Theme

Sermon: What Makes a Marriage Christian
Scripture: Matthew 5:27-30
In this week’s lessons, we see that marriage is established by God, and serves to illustrate the relationship of Christ with His Church.
Theme: Soul with Soul
A better marriage than one only based on body with body is a marriage that is also a union of soul with soul, in addition to being a union of body with body. The word “soul” is a word that had almost passed out of use in the English language until the blacks of our day revived it. It is a good word, and we would have been poorer for its loss. It refers to the intellectual and emotional side of a person’s nature, involving all of the characteristics that we associate with the functioning of the mind. Hence, a marriage that involves a union of souls is a marriage in which a couple shares an interest in the same things—the same books, the same shows, the same friends—and seeks to establish a meeting of the minds (as it were) both intellectually and emotionally. Such marriages will always last longer. 
I believe that at this point a special word must be said to Christians who are married. For whenever a minister speaks like this to Christians, many are already racing ahead of him to point three and are concluding that because their marriages are ones of spirit with spirit, therefore they do not need to worry very much about a union of their minds or souls. This is not right. Not only do we need to worry about it at times, we also need to work toward it.

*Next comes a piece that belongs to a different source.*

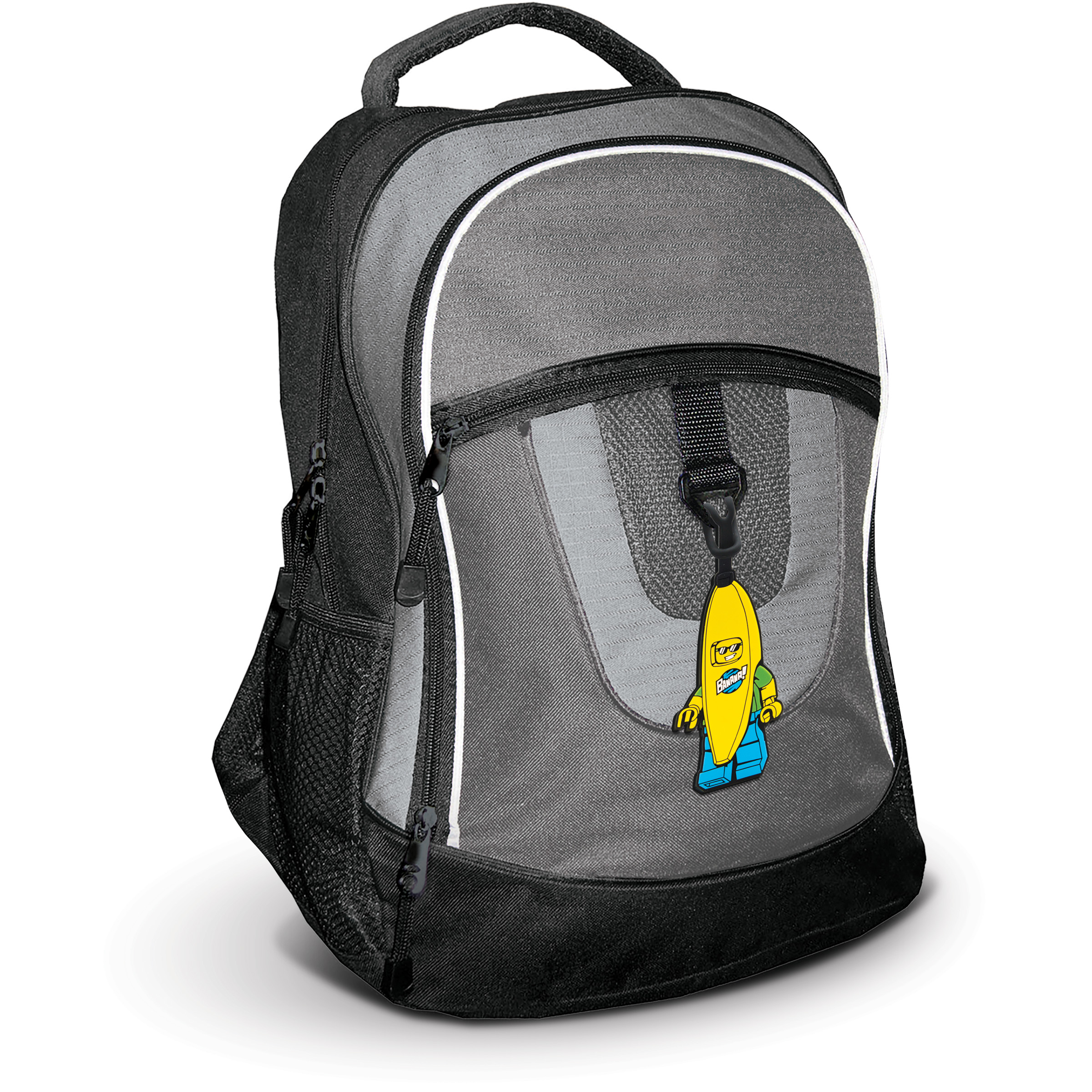 Taschenanhänger Bananen-Mann: Taschenanhänger aus 100 Prozent Silikon mit Abbildung der beliebten LEGO® Minifigur auf der Vorderseite und Feld auf der Rückseite, in das dein Kind seine Kontaktdaten eintragen kann

For an emotional and intellectual union does not in itself come naturally. 
What does a girl have in her mind when she marries a young man? What is her vision of this new husband? Well, it has something to do with her father and whether she liked him or rebelled against him. It has a little bit of Cary Grant mixed up in it, and perhaps a little of James Bond or Johnny Carson or her minister. And what is the vision of the husband? Keith Miller, who wrote the best-selling book The Taste of New Wine, said that his vision was probably a combination of St. Theresa, Elizabeth Taylor and Betty Crocker. And, men, you know that we each put our own set of names into those categories. 
Now what happens when a girl with a vision of Cary Grant and a man with a vision of Elizabeth Taylor get married and begin to find out that the other person is not much like their vision? One of two things! Either they center their minds on the difference between the ideal and what they are increasingly finding the other person to be like, and then try, either openly or subversively, to push the other spouse into that image; or, by the grace of God, they increasingly come to accept the other person as he or she is, including his or her standards of how they themselves should be, and then under God seek to conform to the best and most uplifting of those standards. 
It must be one or the other of those ways. Keith Miller has written, “The soul of a marriage can be a trysting place where two people can come together quietly from the struggles of the world and feel safe, accepted, and loved . . . or it can be a battle ground where two egos are locked in a lifelong struggle for supremacy, a battle which is for the most part invisible to the rest of the world.”1 If you and I are to have the former in our marriages, then we must work toward it. And we must do it by cultivating the interests and the aspirations of the other party. 
Study Questions:

What does the soul refer to in a person? Describe the union of soul with soul in a marriage.
What can happen if there is not a union at the level of the soul?

Application: Do you have a strong marriage on the level of your souls? If not, what will you do this week to improve your relationship?
Reflection: If you are not married, what qualities are you looking for in a spouse? Are those qualities consistent with what the Bible teaches, or do they mirror the expectations of the world?
1Keith Miller, The Taste of New Wine (Waco, TX: Word, 1968), 46.